Data generated by the system, including pest pressure heatmaps and other graphical representations, may be displayed on a mobile device. FMC states that predictions may be generated in real time, and pest pressure data, both current and historical, might be accessible online or offline.

Fig. 2. data flow
Fig. 2. A block diagram illustrating data flow through a computer system used in predicting pest pressures in accordance with one embodiment of FMC’s disclosure.

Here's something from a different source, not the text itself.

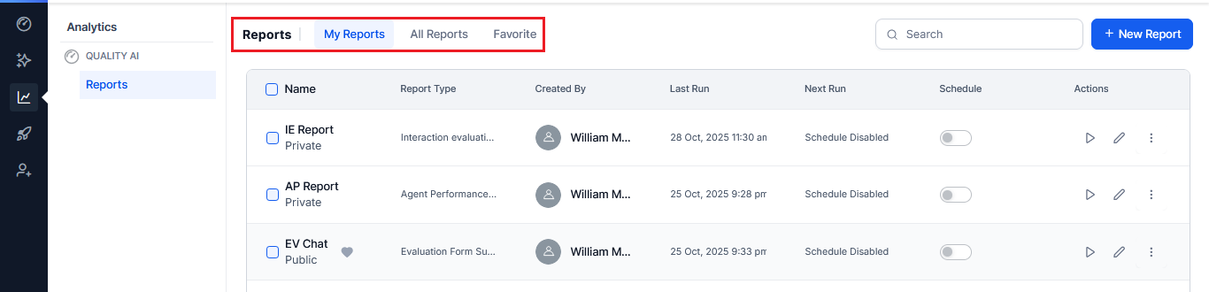 Navigate to Quality AI > Analytics > Reports > + New Report.
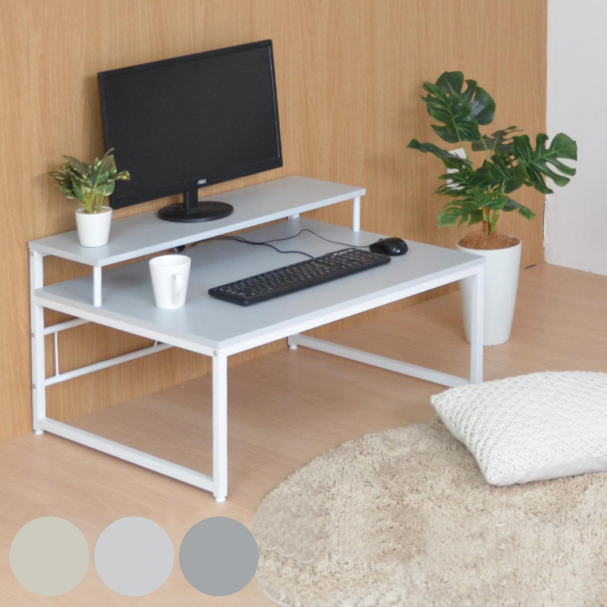 ワークデスク ロータイプ 高さ45cm パソコンデスク Noko ( デスク 机 ローデスク パソコン 奥行65 広い モニター台 デスクワーク 棚 台 2段 テーブル )

Farming, in many ways, is a balancing act of the predictable and unpredictable. For as much science has been figured out when it comes to growing crops, there is as little certainty for when forces of nature could ruin an otherwise perfect harvest. FMC’s machine learning method could provide farmers with valuable insight on exactly how much pesticide to use. This type of precision matters not only in terms of safety for consumers. U.S. farms use over a billion pounds of insecticide each year, and their workers are subject to unusually high pesticide exposure, which can be fatal. By combining artificial intelligence and readily available data, unnecessary illness and death can be avoided, from field to fork.

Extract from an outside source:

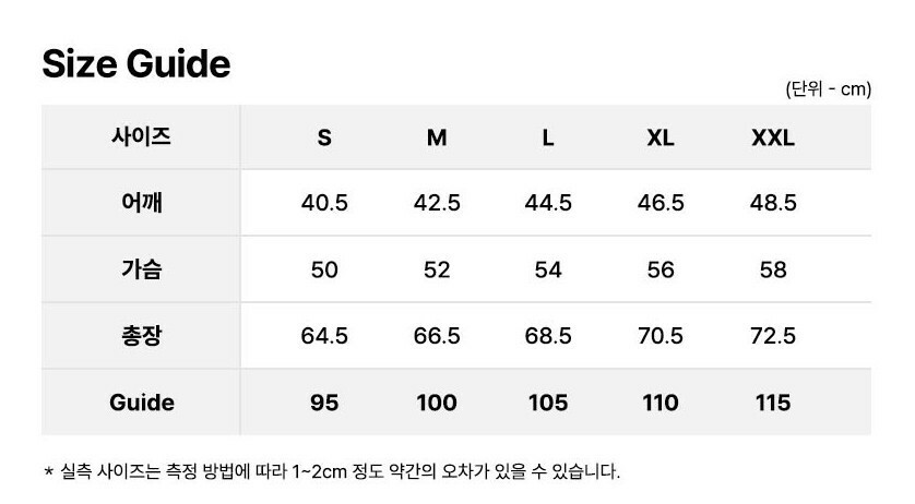 사이즈 : 95(S),100(M),105(L),110(XL),115(XXL)

The featured patent application, “Systems And Methods For Predicting Pest Pressure Using Geospatial Features And Machine Learning”, was filed with the USPTO on October 27, 2020 and published thereafter on September 9, 2021. The listed applicant is FMC Corporation. The listed inventors are Sukhvinder Singh, Sara Catherine Sterling, Simon Bridge Barratt, Ruixue Gong, Wandi Lin, Sai Anirudh Mandagondi, Cassandra Pallai, and Ross Joseph Putterman.